The catch: Hefner already owns nearly 70 percent of Playboy’s voting shares.

“If he doesn’t want to sell, there’s no deal,” RBC Capital Markets analyst David Bank said.

In a statement, Playboy said its board will give FriendFinder’s offer “appropriate consideration.”

Playboy’s stock price has tumbled since hitting a peak in 1999 of more than $32. It traded between $2.30 and $5.22 over the past year before jumping on news of Hefner’s offer. It jumped 6 cents, or 1.1 percent, to $5.57 in afternoon trading Thursday.

The company’s namesake magazine has struggled with competition from the Web, losing readers and advertisers. It has tried to make up for a declining print business by licensing its brand and the iconic bunny ears for consumer products.

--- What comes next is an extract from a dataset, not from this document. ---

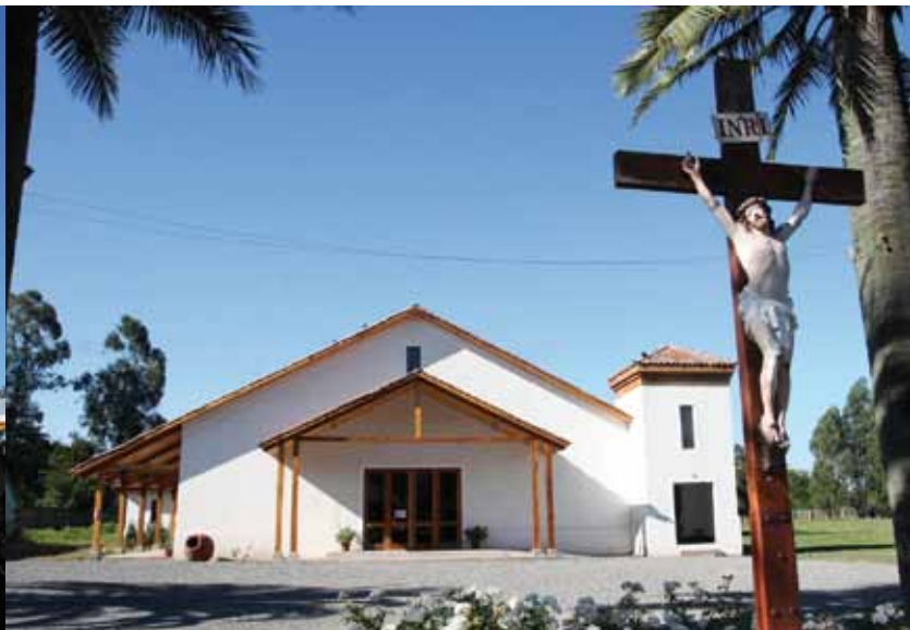
Nuevo templo parroquial de Tinguiririca.

Marc Bell, FriendFinder’s CEO, believes his company can help build Playboy’s brand online by directing traffic to it from the company’s other websites.

In a letter to Playboy’s board, Bell said he wants to keep Hefner in charge of the magazine. “We would propose an arrangement where we would partner with Mr. Hefner in our efforts to drive shareholder value,” he said.

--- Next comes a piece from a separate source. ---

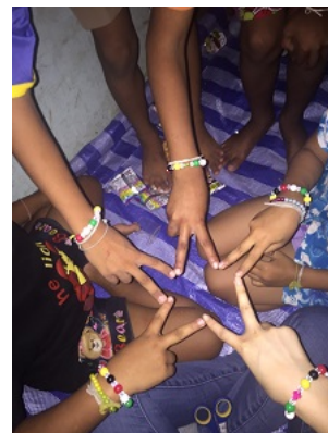
信靠耶穌祂已復活得勝

使我想起每次每天的義診結束，也都馬上有就診病人的病症分類、比例報告，為了進一步做衛教的準備，是針對百姓的真正需要。同樣的，這大學生的問卷如同「心靈義診」處方，為著針對大學生的需要跟進。

It’s not clear why Hefner wants to buy the remaining shares and take the company private. In a letter to Playboy’s board, Hefner said he worries about the editorial direction of the magazine and its legacy. At 84, he still serves as creative director and editor-in-chief.

Hefner said his potential partner in the offer, private equity firm Rizvi Traverse Management LLC, is confident it can get the necessary financing. It would cost them about $123 million to buy the stake Hefner doesn’t own.

It could be that Hefner “simply sees an undervalued asset and may be unwilling to wait for the market to recognize the value he perceives,” Bank said.